Hej, tez jestem ciekawa Waszych opinii. Do zainstalowania alarmu przekonal mnie slusarz, podczas wymiany zamkow do drzwi wejsciowych. Mieszkam aktualnie w Niemczech i jest to normalne ze kazdy dom ma zamontowany system alarmowy. Ja jednak do tej pory nie jestem pewna, czy nie wydalam po prostu niepotrzebnie kasy. 
Co prawda nie zaszkodzi miec cos takiego w domu (poki co nei mialam zadnych problemow z falszywymi alarmami), ale czy uchroni przed kradzieza...?

----------


## pawelwolanczuk

System alarmowy to na prawdę poważna sprawa. Jak nie ma być fałszywych alarmów to musi być dobrze zaprojektowany i przy użyciu odpowiedniego sprzętu. Jeżeli chcesz tanio i w miarę dobrze to możesz pójść w rozwiązania postawione na Satelu. Jeżeli chcesz nie mieć fałszywych alarmów to musisz trochę więcej zapłacić za sprzęt. Polecam Texecoma, Boscha, Optexa...

Co do firm zakładających alarmy to chyba lepiej skontaktować się z firmą dystrybutorską. Skoro handlują tym towarem już jakiś czas, to na pewno mają jakiś godnych polecenia instalatorów w każdym rejonie Polski. Jeżeli szukasz dobrego punktu zaczepienia to także możesz zwrócić się ku jakimś konfiguratorom online. W takim konfiguratorze sprawdzisz na co powinno zwrócić się uwagę i sam rozszerzysz swoje poglądy.

----------


## cactus

Dużo taniej i bezpieczniej dla twojego porfela będzie ubezpieczyć ten domek. Koszt kilka setek rocznie i w razie włamu którego i tak nie powstrzyma żaden alarm masz pewny zwrot zniszczeń i skradzionych wartości. A gotówki chyba nikt nie trzyma w domu?! Alarm na pewno nie powstrzyma zawodowca.

----------


## forscher

czy ktos z Was  ma połaczonego Satela z Fibaro ?

----------


## pawelwolanczuk

> Dużo taniej i bezpieczniej dla twojego porfela będzie ubezpieczyć ten domek. Koszt kilka setek rocznie i w razie włamu którego i tak nie powstrzyma żaden alarm masz pewny zwrot zniszczeń i skradzionych wartości. A gotówki chyba nikt nie trzyma w domu?! Alarm na pewno nie powstrzyma zawodowca.

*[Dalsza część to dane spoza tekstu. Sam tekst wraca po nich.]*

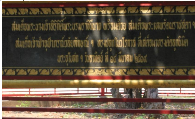
ภาพที่ ๖๙ ป้ายชื่อสมเด็จพระนางเจ้าสิริกิติ์ฯ พระบรมราชินีนาถ

สมเด็จพระนางเจ้าสิริกิติ์ฯ พระบรมราชินีนาถ พร้อมด้วย สมเด็จพระเทพรัตนราชสุดาฯ สยามบรมราชกุมารี ทรงร่วมปลูกต้นพิกุล เมื่อวันที่ ๑๔ มีนาคม ๒๕๑๙ วัดถือน้ำ อำเภอมือง จังหวัดนครสวรรค์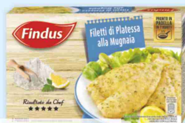
Filetti di platessa alla mugnaia Findus g 250 al kg € 15,96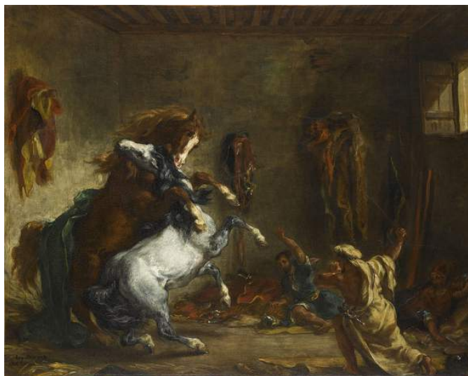
Eugène Delacroix, Chevalier se battant dans une écurie . Paris, Musée du Louvre

“ Les auteurs modernes n'ont jamais tant parlé du duel que depuis qu'on ne se bat plus. C'est le ressort principal de leurs narrations ; ils donnent à leurs héros une bravoure indomptable ; il semble que s'ils peignaient des poltrons, le lecteur aurait mauvaise idée de la vaillance de l'auteur. Les héros de lord Byron sont tous des matamores, des espèces de mannequins, dont on chercherait en vain les types dans la nature. ”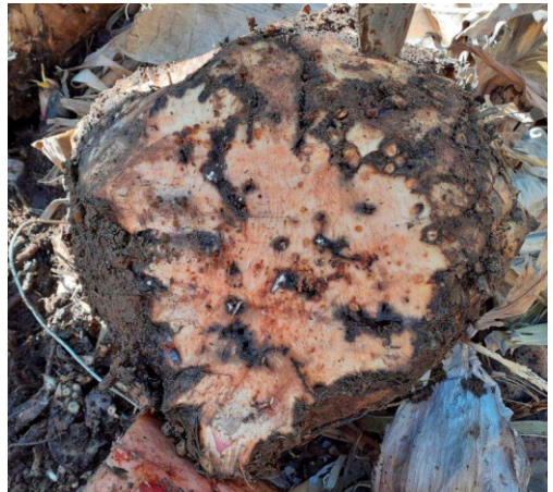
Foto 4.- Cabezas afectadas por picudo

Ubezpieczenie może być tańsze, jeżeli masz system alarmowy. Biorąc pod uwagę, że to inwestycja "na lata", to takowy system może być całkiem dobrą inwestycją.

----------


## kasprzyk

> ..... *teraz czuje się o wiele bezpieczniej i mam pewność, że nic nie grozi ani mnie, ani mojej rodzinie*.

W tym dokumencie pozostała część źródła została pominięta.